> [DATA EXTRACTS]:
* * * * *

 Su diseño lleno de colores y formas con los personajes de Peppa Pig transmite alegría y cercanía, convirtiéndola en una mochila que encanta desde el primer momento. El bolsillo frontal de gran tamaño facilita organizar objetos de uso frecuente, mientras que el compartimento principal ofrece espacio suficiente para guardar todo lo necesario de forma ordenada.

* * * * *

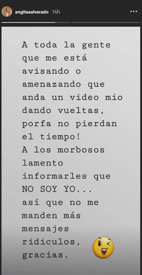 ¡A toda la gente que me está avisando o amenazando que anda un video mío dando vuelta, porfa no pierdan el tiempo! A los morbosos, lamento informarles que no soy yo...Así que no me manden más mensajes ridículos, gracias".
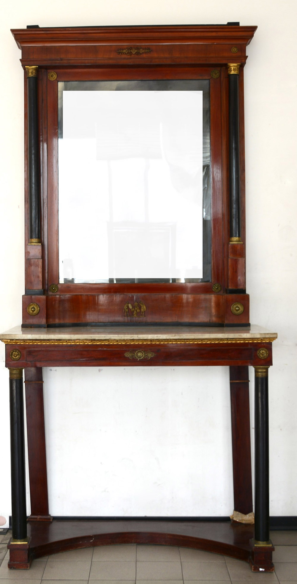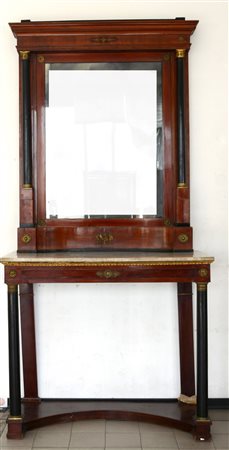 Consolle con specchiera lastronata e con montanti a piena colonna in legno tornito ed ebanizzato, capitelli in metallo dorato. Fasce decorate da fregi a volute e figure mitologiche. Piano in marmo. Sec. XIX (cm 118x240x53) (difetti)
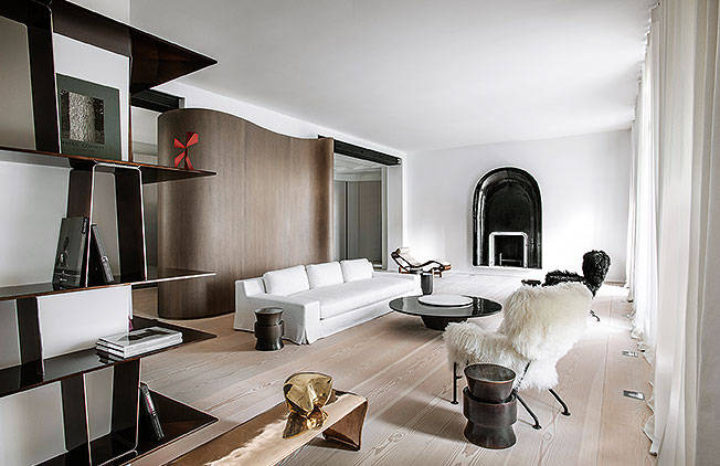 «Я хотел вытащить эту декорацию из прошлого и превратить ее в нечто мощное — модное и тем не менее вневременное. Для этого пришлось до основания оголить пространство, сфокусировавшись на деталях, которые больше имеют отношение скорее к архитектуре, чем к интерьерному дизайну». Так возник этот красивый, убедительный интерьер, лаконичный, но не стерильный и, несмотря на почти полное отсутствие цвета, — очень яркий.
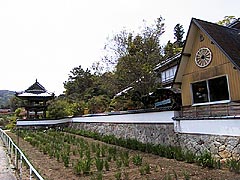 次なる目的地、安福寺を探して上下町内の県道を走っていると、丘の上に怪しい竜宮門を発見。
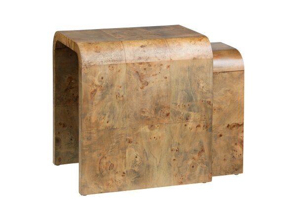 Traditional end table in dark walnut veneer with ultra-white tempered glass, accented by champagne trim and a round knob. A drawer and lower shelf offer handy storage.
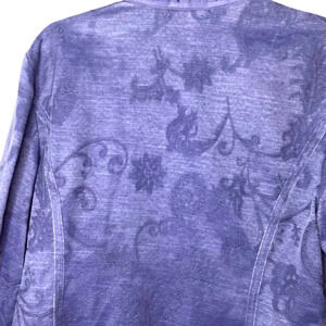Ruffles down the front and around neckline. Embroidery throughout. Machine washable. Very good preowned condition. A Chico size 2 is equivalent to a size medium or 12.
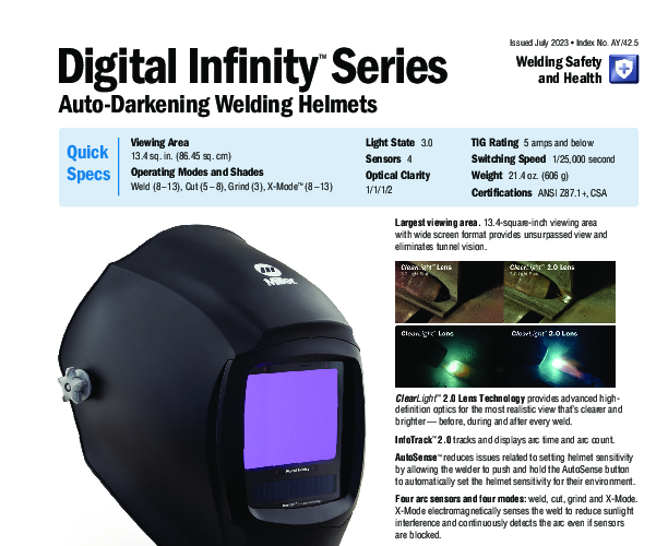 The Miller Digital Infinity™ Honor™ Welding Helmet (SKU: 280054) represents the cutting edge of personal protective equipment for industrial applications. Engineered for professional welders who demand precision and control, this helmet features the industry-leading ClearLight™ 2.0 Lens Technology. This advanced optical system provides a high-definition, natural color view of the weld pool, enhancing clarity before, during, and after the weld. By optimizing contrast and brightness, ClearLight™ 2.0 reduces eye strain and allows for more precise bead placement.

* * * * *

> [WORK REQUIRED]:
Restate word for word every line from the one with "次なる目的地、安福寺を探して" up to and including the one with "Ruffles down the" in the records above, minus the pictures.

> [OUTPUT OF THE EXERCISE]:
 次なる目的地、安福寺を探して上下町内の県道を走っていると、丘の上に怪しい竜宮門を発見。
 Traditional end table in dark walnut veneer with ultra-white tempered glass, accented by champagne trim and a round knob. A drawer and lower shelf offer handy storage.
Ruffles down the front and around neckline. Embroidery throughout. Machine washable. Very good preowned condition. A Chico size 2 is equivalent to a size medium or 12.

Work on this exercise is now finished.